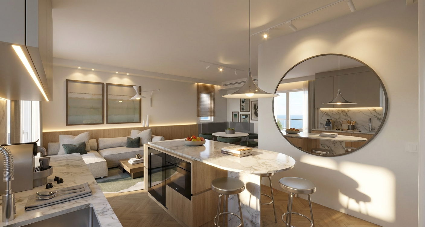 keep all composition furniture flooring columns ceiling lighting plants and gym equipment unchanged add a small number of people a few using gym equipment behind the glass some walking through the lounge and a few seated in the lounge area ensure all people are realistic in scale and proportion apply motion blur to all people including seated walking and exercising to create a full time lapse effect people should wear appropriate clothing gym attire for gym casual modern clothing for lounge and integrate naturally with soft shadows and subtle reflections on surfaces maintain ultra realistic rendering cinematic modern luxury aesthetic do not alter any architectural or furniture elements
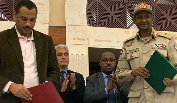 توصل المجلس العسكري الحاكم في السودان إلى اتفاق لتقاسم السلطة مع المعارضة ينهي شهورا من الاضطرابات التي تشهدها البلاد. ووقع الاتفاق في العاصمة الخرطوم بحضور وسطاء من الاتحاد الأفريقي بعد محادثات
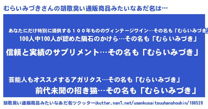 | ヘコむあだ名 | 『むらを』『むらいみづき(笑)』 |
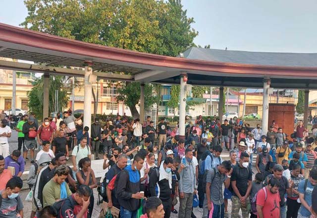 Un grupo de 500 migrantes partió en caravana a las 06:40 horas desde Tapachula, Chiapas. El contingente empezó su recorrido en el parque bicentenario. Los migrantes comenzaron su caminata por la car
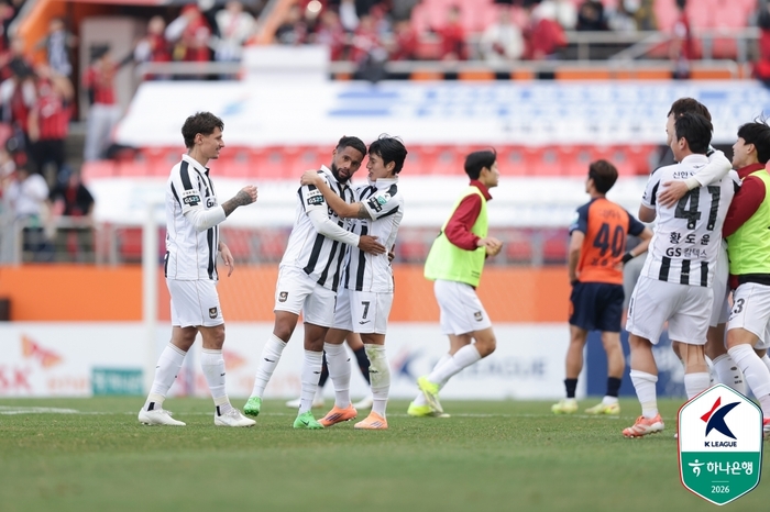 김기동 감독이 지휘하는 서울은 15일 제주월드컵경기장에서 열린 ‘하나은행 K리그1 2026’ 3라운드 제주SK와 원정 경기에서 1-1로 맞선 후반 추가 시간 이승모의 헤더 결승포로 2-1 신승했다.
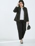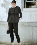 nissen AI Models(nissen本店models)のスーツセット「【入学式・卒業式】取り外せるフリル襟付カットツイードペプラムブラウス+ジャージーテーパードパンツセット<大きいサイズ有>」を使ったコーディネート
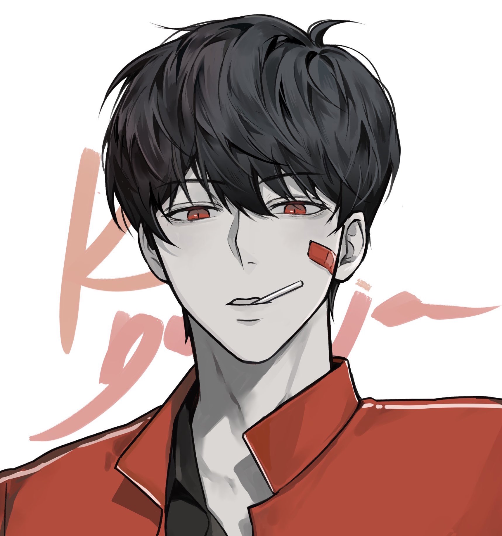 1boy abopikjang aegyo_sal bandage_on_face bandages black_hair black_shirt character_name commentary english_commentary facing_viewer highres jacket kim_dokja limited_palette looking_at_viewer male_focus monochrome omniscient_reader's_viewpoint parted_lips red_eyes red_jacket shirt short_hair solo
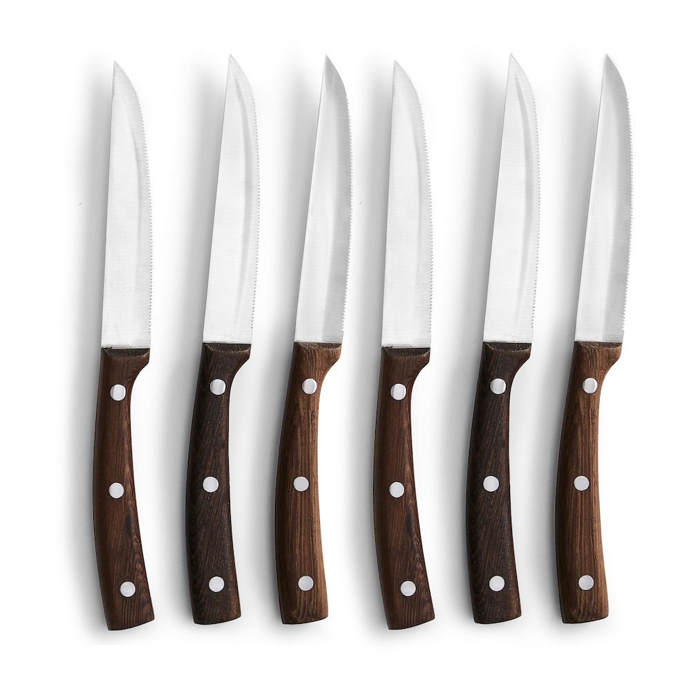 Zestaw 6, klasycznych noży do steków. Ostrze wykonane ze stali nierdzewnej, natomiast rękojeść z drewna wenge. Idealne do dań mięsnych.
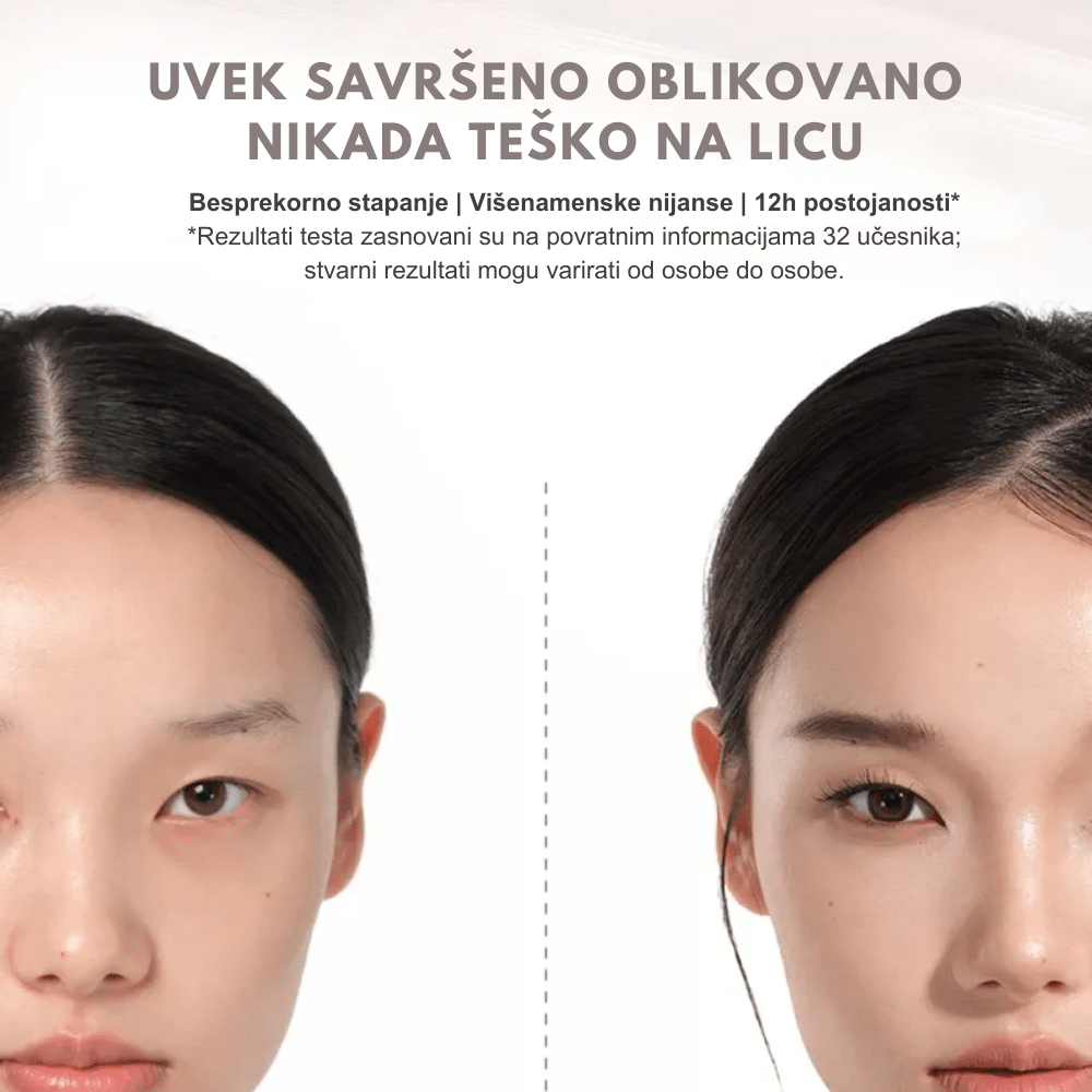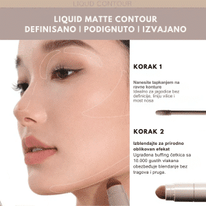 Nanesite malu količinu tečnog kontura aplikatorom ispod jagodica, duž ivice čela, nosa i linije vilice. Brzo razblendajte sunđerom ili četkicom pokretima nagore dok se formula potpuno ne stopi sa podlogom. Po potrebi dodajte još proizvoda za jaču definiciju. Može se koristiti preko tečnog ili pudera u kamenu, kao i direktno na koži.
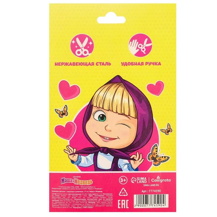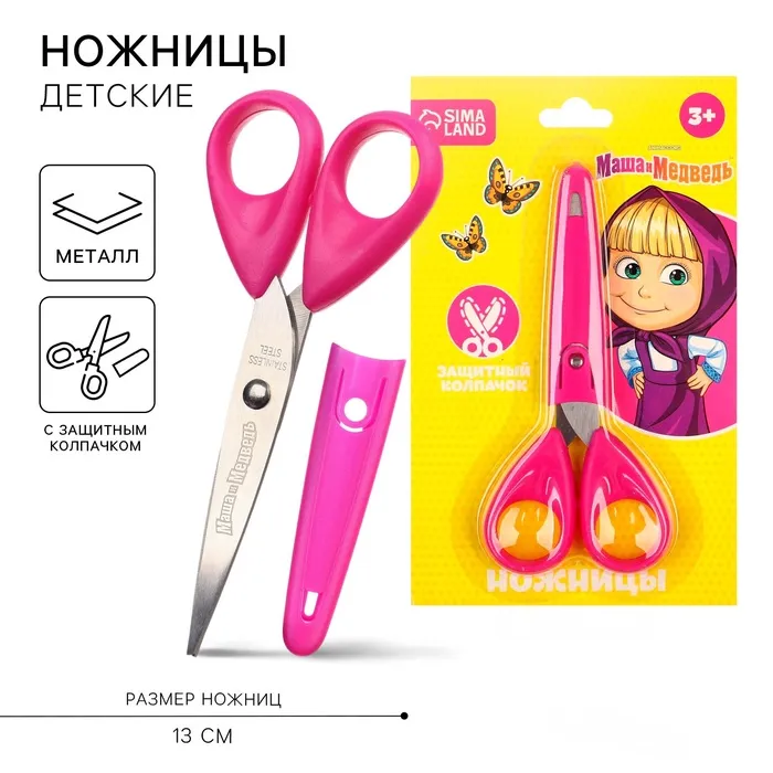 Ножницы детские 13 см, с защитным колпачком, «Маша и медведь» — Характеристики
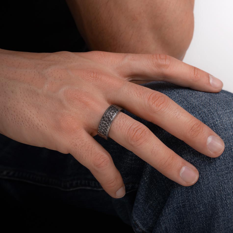 Este anel masculino apresenta um design robusto com um exclusivo padrão texturizado em relevo, inspirado em formas geométricas naturais. Com um acabamento rústico e fosco, a peça oferece um visual autêntico e marcante.
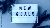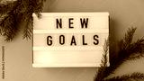 Lightbox with inspirational message NEW GOALS with fir branches on pastel background. Happy new year promises resolutions concept. Self growth and personal development
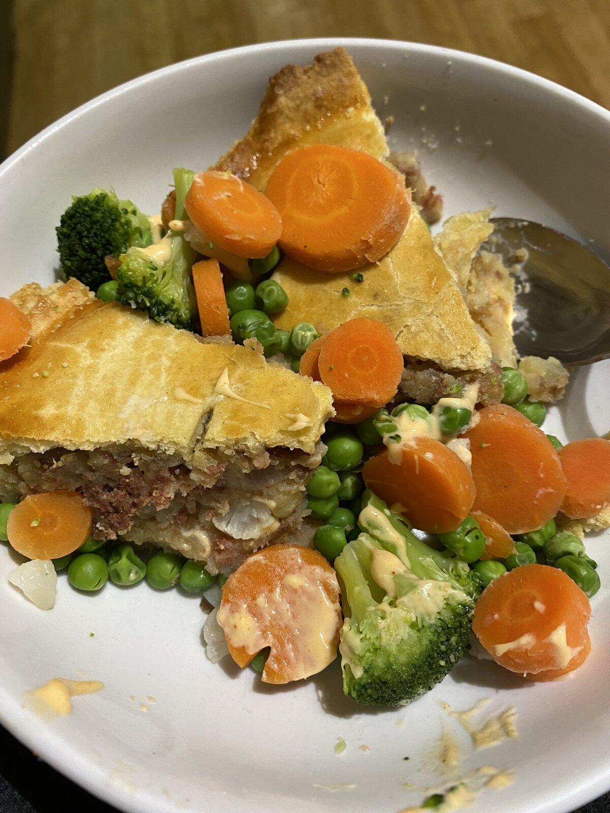 Turkey (it’s ma-hoosive) pigs in blankets, mashed carrot & swede, roast potatoes & broccoli cheese, stuffing balls and gravy. Pics will follow after 6 p.m. An appetising starter pic
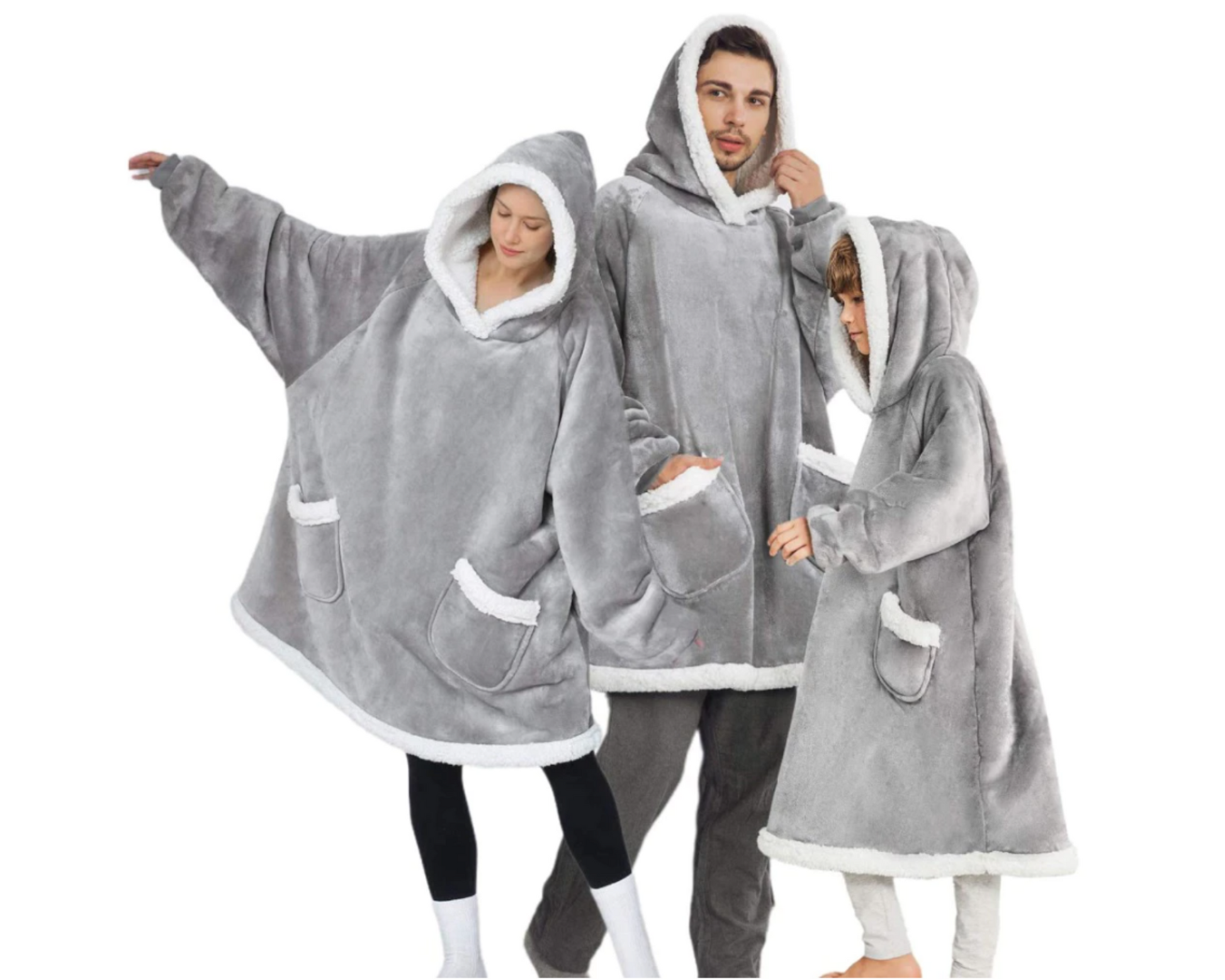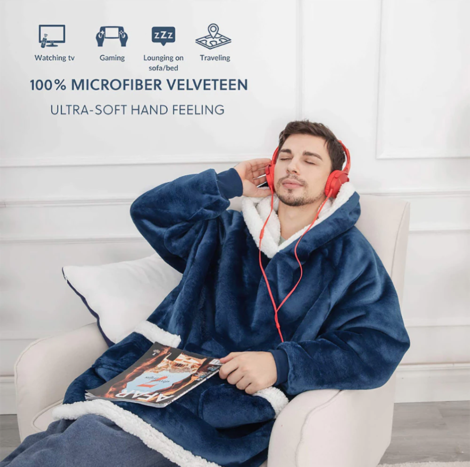 ✨Oversized Everything: It’s giant, and it's supposed to be! We started with a men's 5XL and have only gone bigger from there. With a huge plush hood, marsupialTM pocket, oversized sleeves, and a high-low hem, The Hoodie Blanket is like being hugged by a cloud! Bring it to the next outdoor barbeque, camping trip, beach, drive-in, or sleepover, or wear it to school! Now you can wear your blanket anywhere!
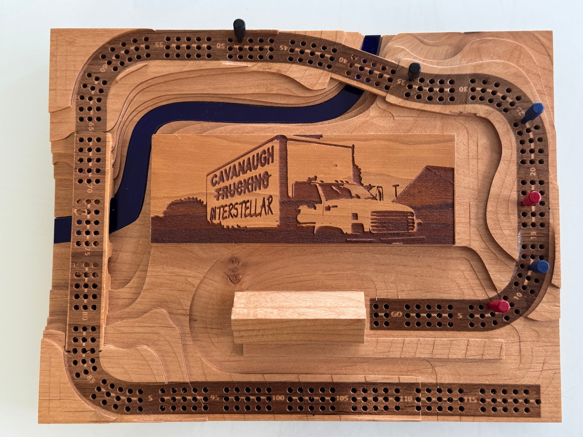 Your cribbage game will take you from the central board area along a winding path that slowly climbs and loops to cross over the river. Traveling onward, you will ride the ridges and valleys until you cross a viaduct over a raging river that signals the beginning of your descent to the plains below, ready for your next adventure.
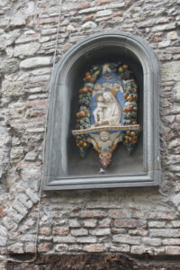 Kurz vor Anghiari, konnte man schon die Altstadt sehen mit ihren Türmen und hohen alten Häusern hoch oben über der Stadt. Die Hauptstraße ist so steil, dass man über eine Serpentinenstraße nach oben gelotst wird. Oben angekommen sind wir dann auf den Hof „Wohnmobilstellplatz Agriturismo Val della Pieve“. Leider hatten wir nicht reserviert und die 10 Stellplätze waren schon besetzt. Ich hatte zwar zweimal versucht den Hof anzuschreiben, habe aber leider keine Antwort bekommen, kann aber auch mein Fehler gewesen sein. Aber kein Problem, wir konnten uns dann an der Seite in Richtung Straße auf einen zusätzlichen Stellplatz positionieren. Die Dame, die uns empfing, sprach zwar nur italienisch, aber sie war sehr freundlich und mit Händen und Füßen wurden wir uns einig. Mit allen drum und dran kostet der Stellplatz € 20. Bei dem Stellplatz, der Aussicht und dem schönen Ort ein angemessener Preis. Ein absolutes Muss ist der Rundgang durch den alten Bereich mit ihren alten Häusern. Nach einem Rundgang durch Anghiari, fing es dann plötzlich an zu Regnen und zu Donnern. Zum Glück dauerte es nicht lange und der Regen lies nach. Der Platz ist angenehm und das Personal sehr zuvorkommend und freundlich. Die Sanitären Anlagen sind sauber und es wird regelmäßig sauber gemacht.

------------------------------

EXERCISE — Set down exactly the lines above, from the line containing "توصل المجلس العسكري" through the line containing "Turkey (it’s ma-hoosive)". Skip the pictures.

EXERCISE ANSWER —
 توصل المجلس العسكري الحاكم في السودان إلى اتفاق لتقاسم السلطة مع المعارضة ينهي شهورا من الاضطرابات التي تشهدها البلاد. ووقع الاتفاق في العاصمة الخرطوم بحضور وسطاء من الاتحاد الأفريقي بعد محادثات
 | ヘコむあだ名 | 『むらを』『むらいみづき(笑)』 |
 Un grupo de 500 migrantes partió en caravana a las 06:40 horas desde Tapachula, Chiapas. El contingente empezó su recorrido en el parque bicentenario. Los migrantes comenzaron su caminata por la car
 김기동 감독이 지휘하는 서울은 15일 제주월드컵경기장에서 열린 ‘하나은행 K리그1 2026’ 3라운드 제주SK와 원정 경기에서 1-1로 맞선 후반 추가 시간 이승모의 헤더 결승포로 2-1 신승했다.
 nissen AI Models(nissen本店models)のスーツセット「【入学式・卒業式】取り外せるフリル襟付カットツイードペプラムブラウス+ジャージーテーパードパンツセット<大きいサイズ有>」を使ったコーディネート
 1boy abopikjang aegyo_sal bandage_on_face bandages black_hair black_shirt character_name commentary english_commentary facing_viewer highres jacket kim_dokja limited_palette looking_at_viewer male_focus monochrome omniscient_reader's_viewpoint parted_lips red_eyes red_jacket shirt short_hair solo
 Zestaw 6, klasycznych noży do steków. Ostrze wykonane ze stali nierdzewnej, natomiast rękojeść z drewna wenge. Idealne do dań mięsnych.
 Nanesite malu količinu tečnog kontura aplikatorom ispod jagodica, duž ivice čela, nosa i linije vilice. Brzo razblendajte sunđerom ili četkicom pokretima nagore dok se formula potpuno ne stopi sa podlogom. Po potrebi dodajte još proizvoda za jaču definiciju. Može se koristiti preko tečnog ili pudera u kamenu, kao i direktno na koži.
 Ножницы детские 13 см, с защитным колпачком, «Маша и медведь» — Характеристики
 Este anel masculino apresenta um design robusto com um exclusivo padrão texturizado em relevo, inspirado em formas geométricas naturais. Com um acabamento rústico e fosco, a peça oferece um visual autêntico e marcante.
 Lightbox with inspirational message NEW GOALS with fir branches on pastel background. Happy new year promises resolutions concept. Self growth and personal development
 Turkey (it’s ma-hoosive) pigs in blankets, mashed carrot & swede, roast potatoes & broccoli cheese, stuffing balls and gravy. Pics will follow after 6 p.m. An appetising starter pic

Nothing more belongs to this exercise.